Сколь бы ни казалось невероятным, что такое заблаговременное планирование может происходить в человеческом взаимодействии, дети, как видно, обладают подобной способностью. Как птицы, парящие в воздухе, или животные в поле. Сошлемся еще раз на пример Томаса (Ferris, 1980), в котором он описывает жука под названием «кольцо мимозы». Томас говорит:
«Причина, по которой этот жучок так мне нравится, заключается в том, что он служит прекрасным примером заблаговременного планирования, наличия подлинной предусмотрительности в существе, которое со всей очевидностью не обладает развитой центральной нервной системой. Начнем с того, что его привлекает дерево мимозы. Ни на каких других деревьях он не живет. Самка этого жучка поднимается вверх по стволу мимозы, как по магистрали, достигает ее ветки и, работая челюстями, делает на ней продольный разрез, куда откладывает личинки, после чего сразу же заделывает его так, что он становится почти невидимым. Затем она ползет по ветке назад и проводит пару часов, прогрызая кольцо вокруг ветки. Это – тонкая столярная работа, подобная той, что проделывается бобром. Указанной операцией завершается дело. Кольцо прорыто достаточно глубоко, чтобы погубить ветку. Движение древесного сока, необходимого для ее жизни, перекрыто. Она как бы отрезана от дерева. Ветка умирает. Первое же дуновение ветра должно ее сломать. Потом она падает, личинкам теперь ничего не мешает вылупиться, потому что они находятся в мертвой ветке. И цикл начинается снова. Спрашивается, как развитие пришло к этим двум отдельным и совершенно не связанным друг с другом актам поведения? Все выглядит так, словно заведомо было очень неплохо обдумано. Самка жучка стремилась заложить личинки в дерево мимозы, потому что оно ее чем-то привлекало. Но в живом дереве личинки не смогли бы выжить, и лучший способ убить дерево – перегрызть его» (1980, p. 128).

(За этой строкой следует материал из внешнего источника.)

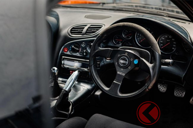 今回オークションにかけられたのは、1991年に登場した3代目、通称「FD3S型」。この世代で最後の限定車「スピリットR」では、全長4285mm×全幅1760mm×全高1230mmのボディに、後期型では最大280馬力を誇る654ccの2ローターシーケンシャルツインターボエンジンが搭載されていました。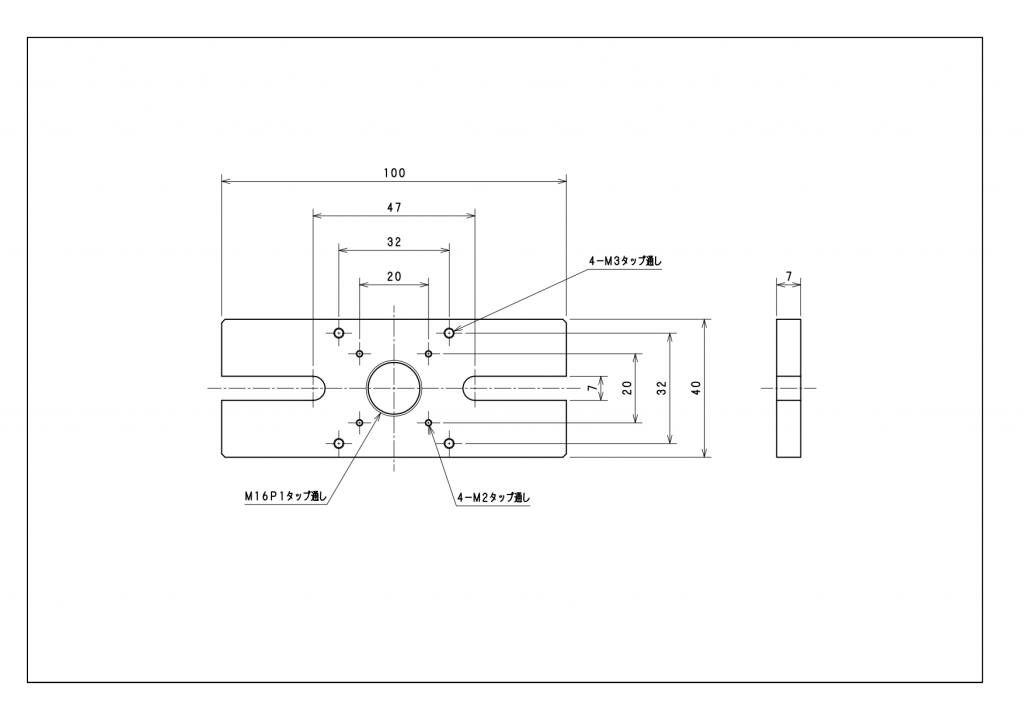 ・タップ穴:1-M16 P1 中央、4-M2 □20位置、4-M3 □32位置

Насколько более сложными и непостижимыми могут быть скрытые ходы прогностического планирования у человека, если они так изощрены у крохотного насекомого!
У жучка существует план, но самка жучка не может способствовать образованию этого плана, как не может остановить и его последующее осуществление. Возможно, это хорошо, что ребенок помогает своим родителям, но он не в состоянии остановиться. У него может возникнуть иллюзия, что он способен это сделать и что его действия независимы, но на самом деле ребенок выступает лишь частичкой системы, у которой свои собственные цели.
Иерархия
Еще один аспект силы, который подчеркивается в данной книге, связан с внутрисемейной иерархией и организацией. Поскольку власть, в зависимости от мотивации, может быть злой или доброй, губительной или благодатной, существование иерархии, при которой одна часть людей в каком-то смысле возвышается над другой, также может рассматриваться как нечто нежелательное или, напротив, как необходимое и благотворное. В иных случаях взгляд на иерархию зависит от функций и целей, приписываемых тем, кто находится в более высокой позиции. Однажды в учебной группе терапевтов священник-баптист следующим образом прокомментировал преимущества своей веры: «Надо мной нет никого, кто посмел бы указывать, что я должен делать». А учитель-католик, ставший свидетелем этого заявления, в приватной беседе сокрушенно заметил по его поводу: «Эти баптистские священники так одиноки! Над ними нет никого, кто мог бы им помочь». Баптист и католик придерживаются разных взглядов на функцию вышестоящего руководства.
В любой организации существует иерархия в том смысле, что некое принадлежащее ей лицо располагает большей властью по сравнению с другим и несет большую ответственность за все происходящее. На родителей закономерно возложена ответственность за то, чтобы они обеспечивали своих детей всем необходимым и проявляли о них заботу. По мере того как дети становятся подростками, ожидается, что родители начинают отказываться от некоторой части своей власти, поскольку дети постепенно принимают на себя все большую ответственность за свою судьбу. Когда подростки переступают черту юношеского возраста, юридически родители перестают отвечать за своих детей и отношения начинают склоняться ко все более возрастающему равенству между родителями и детьми.
В браке вопрос иерархии обычно решается посредством разделения сфер власти и ответственности, осуществляемого различными путями. Например, один из супругов может взять на себя все решения, связанные с проблемой зарабатывания денег, тогда как второй отвечает за сферу отношений с родственниками. В другой паре в руках одного супруга сосредоточивается ответственность за решения в сфере воспитания детей, тогда как сфера ответственности второго – контакты с друзьями. Таким образом, в паре образуется не одна-единственная иерархия, а некоторое их количество; каждый из супругов в какой-либо области занимает относительно своего партнера по браку более высокое и более ответственное положение, но зато в другой – подчиненное.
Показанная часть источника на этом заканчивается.